A new era in aortic stenosis treatment is off to a messy start as debate continues over just how dispersed transcatheter aortic valve replacement (TAVR) should be throughout the U.S., following June's final ruling by the Centers for Medicare & Medicaid Services (CMS) to implement new volume requirements for TAVR centers seeking reimbursement.
The urgency now to ensure access for everyone who needs TAVR without sacrificing quality by spreading cases too thin (in an area where operator experience matters) was renewed when March's PARTNER 3 and CoreValve Low Risk trials established the transcatheter approach as a safe and effective alternative to surgery for patients with aortic stenosis who are at low surgical risk.
June's CMS decision "ensures improved access to care for beneficiaries while supporting the continued evolution of this important technology in light of emerging evidence," said CMS Administrator Seema Verma in a press release announcing the new National Coverage Determination for TAVR.
Surgery is still the only means of aortic valve replacement at hundreds of hospitals.
One way the updated CMS requirements make it easier for institutions to take up or maintain a TAVR program is by cutting back on the number of procedures they need to do each year. Also eliminated is the old rule that two surgeons had to approve each TAVR case; this is to be replaced by heart-team decision-making.
But it's not all good news for small centers. Major professional societies -- including the American Association for Thoracic Surgery, the American College of Cardiology, the American Society of Echocardiography, the Society for Cardiovascular Angiography and Interventions, and the Society of Thoracic Surgeons -- have proposed to organize valvular heart disease treatment throughout the country into a tiered system, similar to that of stroke and trauma treatment.
Level I centers are expected to perform all interventional and surgical procedures (including MitraClip and left atrial appendage closure) and house advanced imaging modalities, whereas Level II hospitals can offer at least transfemoral TAVR and SAVR.
This plan was seen by some as shutting out the competition from smaller hospitals and potentially exacerbating the touchy issue of access for people in certain geographic locations.
Nevertheless, "[w]ith the coverage decision and a green light for low-risk patients, the floodgates will soon open as more hospitals, especially smaller community hospitals, begin to perform TAVR," an interventional cardiologist and two surgeons from Banner-University Medicine Heart Institute in Phoenix, noted in a opinion article.
"While this is amazing news that will provide better options for patients, we have some concerns about the rapid growth of TAVR," they wrote.
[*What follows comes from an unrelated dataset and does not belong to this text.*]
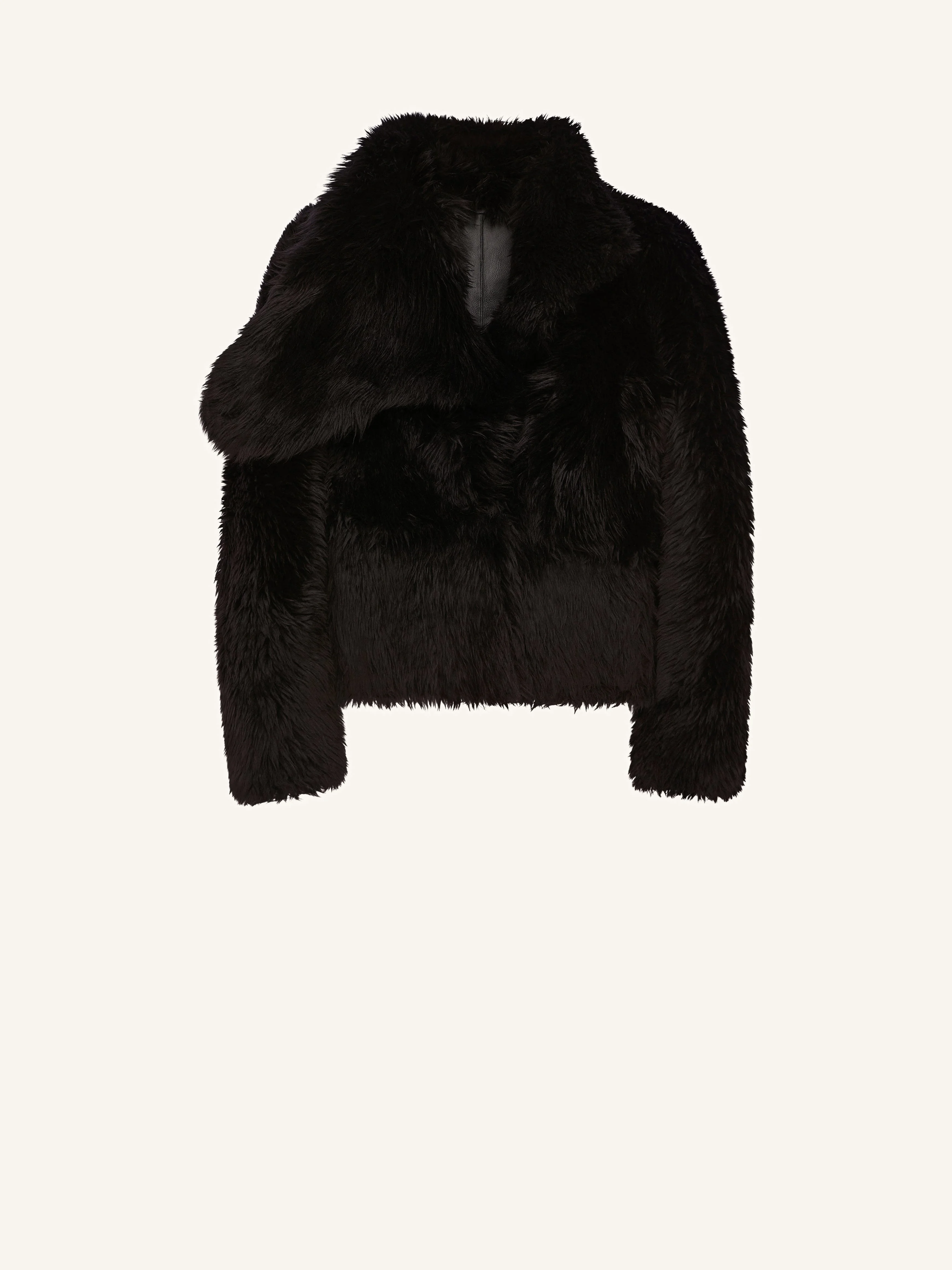 Short buttoned shearling coat with large collar and back belt. This item is unisex. The female model is 1.77m tall and the male model is 1.88m tall, both wearing size M. DETAILS Composition: 100% sheep leather Country of Manufacture: TR SKU: 325LMA239CM00059999 Color: Black

"Better access to TAVR should not mean poorer quality. A strategy for better access and sustained quality is pairing new centers with sister organizations. Rather than going back to 2011 and reinventing an effective process, new centers can partner with sister organizations to consult and refer difficult cases to the higher-volume center," the group added.
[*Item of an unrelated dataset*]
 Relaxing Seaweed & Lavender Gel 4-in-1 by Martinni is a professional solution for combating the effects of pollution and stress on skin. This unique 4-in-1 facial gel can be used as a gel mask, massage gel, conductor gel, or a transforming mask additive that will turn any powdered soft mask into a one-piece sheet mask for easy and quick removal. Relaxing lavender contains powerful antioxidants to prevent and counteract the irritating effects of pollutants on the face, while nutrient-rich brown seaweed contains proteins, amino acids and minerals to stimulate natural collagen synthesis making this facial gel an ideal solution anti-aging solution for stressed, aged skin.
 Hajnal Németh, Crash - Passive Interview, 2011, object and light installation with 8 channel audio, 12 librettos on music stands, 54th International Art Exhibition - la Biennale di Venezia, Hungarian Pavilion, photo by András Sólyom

In the meantime, operators and researchers continue trying to iron out the kinks in TAVR with new techniques (such as leaflet laceration to split valve leaflets) and redesigned devices.
Many already want to take things further by expanding the procedure to a wider population: Some are interested in whether TAVR works for aortic stenosis patients with bicuspid valves, while others ask the same question of those with aortic regurgitation.
Notably, though, TAVR devices for use in low-risk patients with aortic stenosis have yet to be approved by the FDA.